Laut Trend- und Zukunftsforscherin Karin Tischer von food & more gehören Rote Bete und Kurkuma zu den Trendprodukten des Jahres 2019. Das heimische Rübengewächs und die exotische ‚kleine Schwester‘ des Ingwers haben so einiges gemein: Beide zeichnen sich durch eine intensive pinke und orangene Färbung aus und sind reich von geradezu magischen Inhaltsstoffen, die sie zu sogenannten Superfoods machen. Beide Produkte sind seit jeher in der Gastronomie beliebt, um schnell und einfach Speisen zu färben – Kurkuma, auch Gelbwurz genannt, kann dabei gut den viel teureren Safran ersetzen. In der chinesischen Heilmedizin wird Kurkuma seit jeher gegen Entzündungen, Reizdarmbeschwerden, Infekte und sogar Arthritis eingesetzt, in der ayurvedischen Heilphilosophie findet sich Kurkuma in der sogenannten Goldenen Milch. So hübsch und doch so gesund – kein Wunder also, dass das ingwerähnliche Gewächs seinen Weg in die von trendbewussten Superfruit- und Plantarismus-Anhängern bevorzugten Supermarktregale gefunden hat. Wie viele Trendprodukte (Edamame, Avocado und Acerola-Kirsche) hat natürlich auch die Kurkumawurzel einen eher schlechten ökologischen Fußabdruck, sofern sie im nächstgelegenen Asia Shop gekauft wird.

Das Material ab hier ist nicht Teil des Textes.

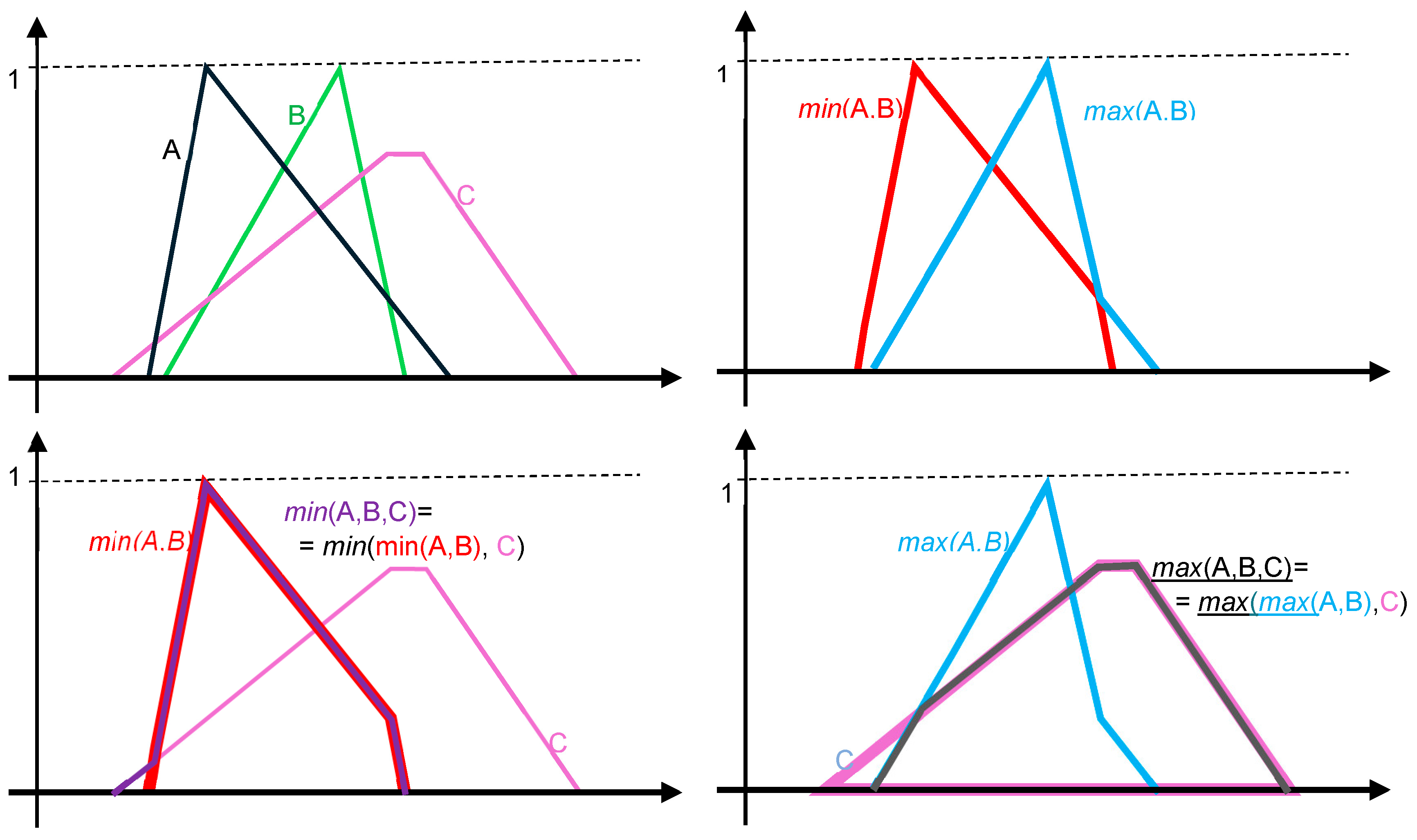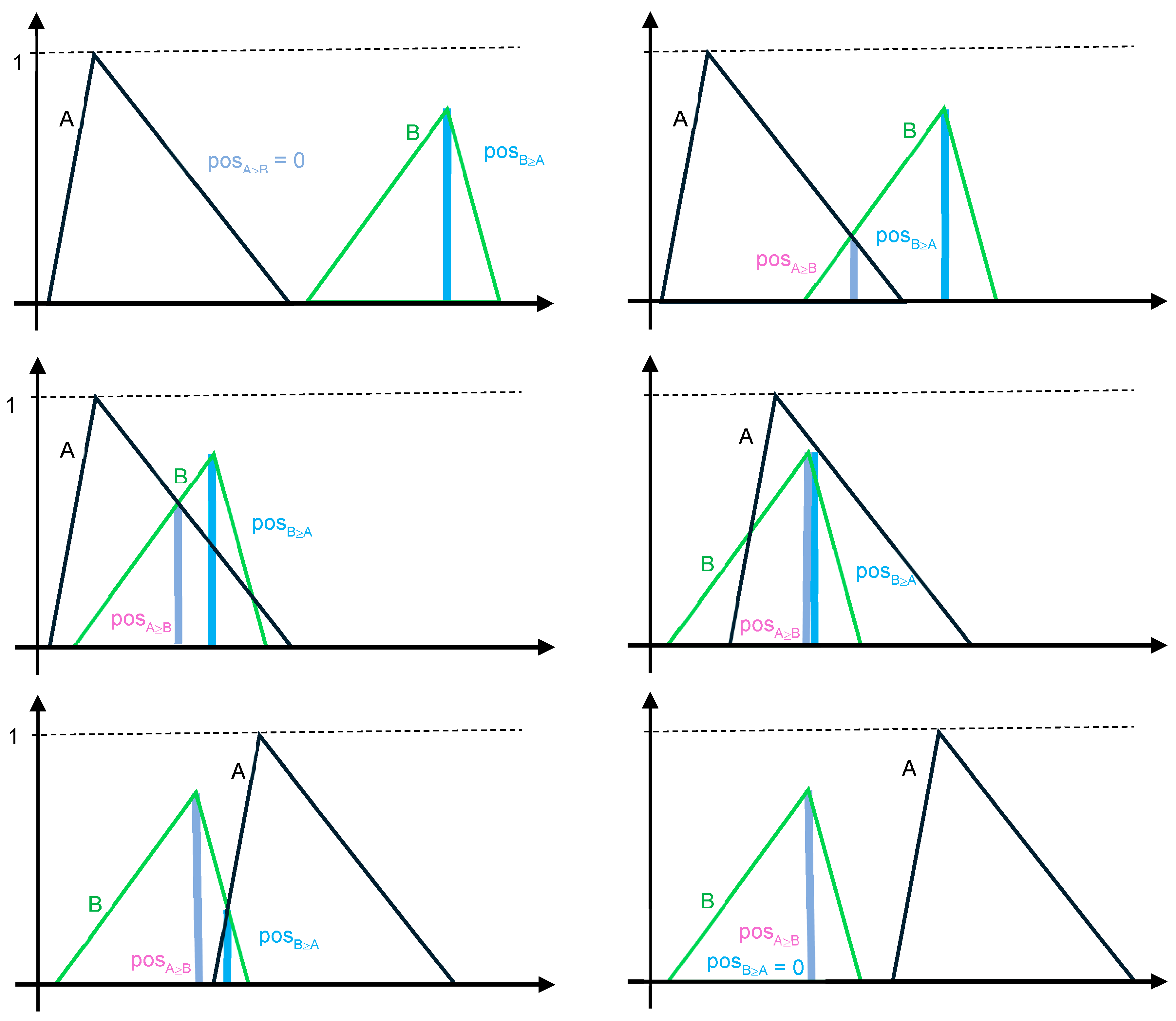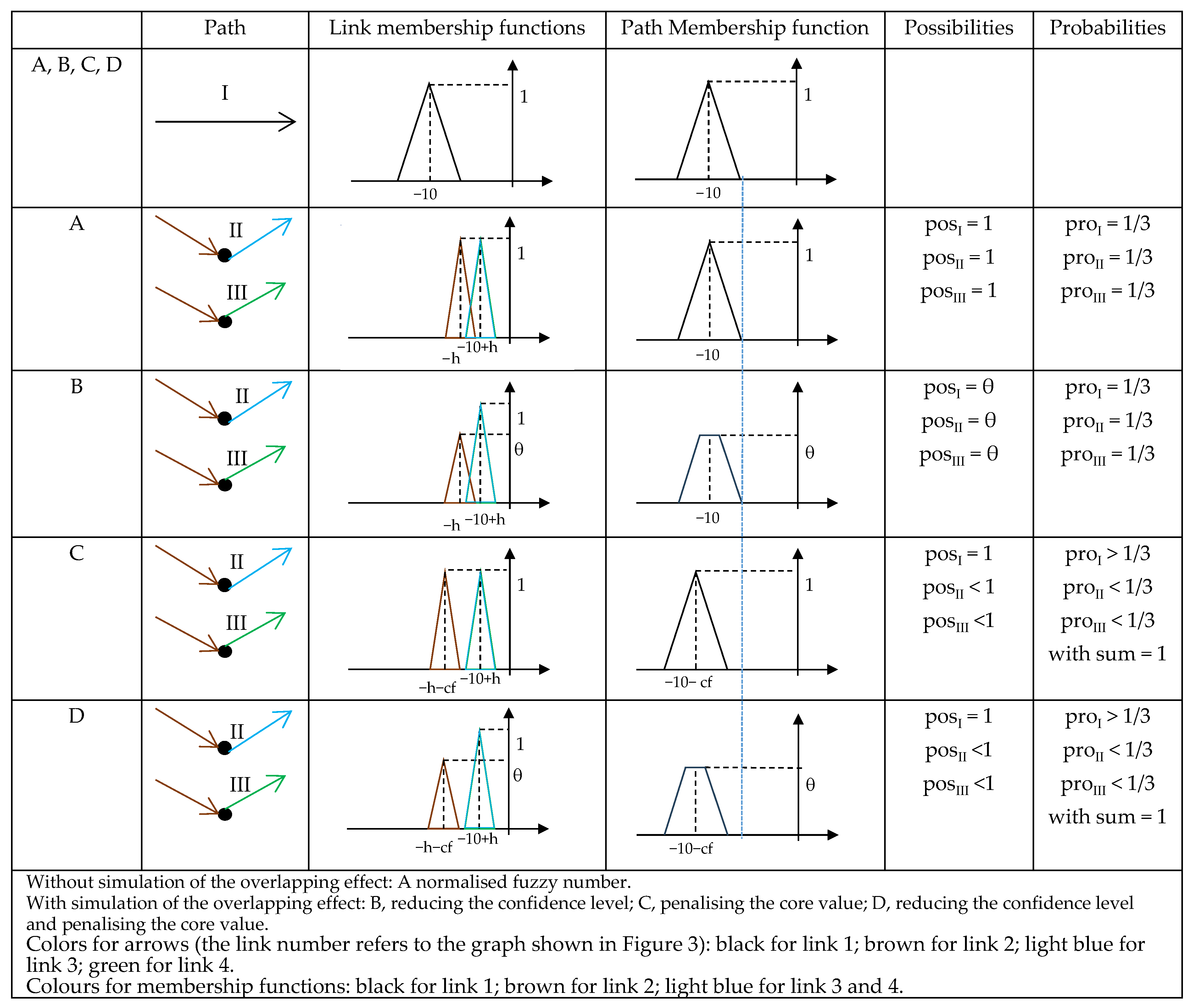 For the common link 2, there are four cases (named A, B, C, D) for which the membership function is triangular:

Superfoods – darunter Exoten wie Goji- und Acai-Beeren oder Weizengras – präsentieren sich nach außen hin mit einem hohen Gehalt an Vitaminen und Mineralstoffen. Dafür werden sie meist vom anderen Ende der Welt in unsere Supermärkte transportiert und dort teuer verkauft.

Tatsächlich enthalten viele der Früchte, Samen und Pulver gesundheitsfördernde Inhaltsstoffe, keine Frage – doch unser heimisches Superfood tut dies auch und steht den Exoten damit in keinster Weise nach. Eine Sonderstellung haben die Superfrüchte nicht und so sind wichtige Nährstofflieferanten altbekannte Kräuter, Nüsse, Blattsalate, Beeren und Samen aus dem eigenen Garten.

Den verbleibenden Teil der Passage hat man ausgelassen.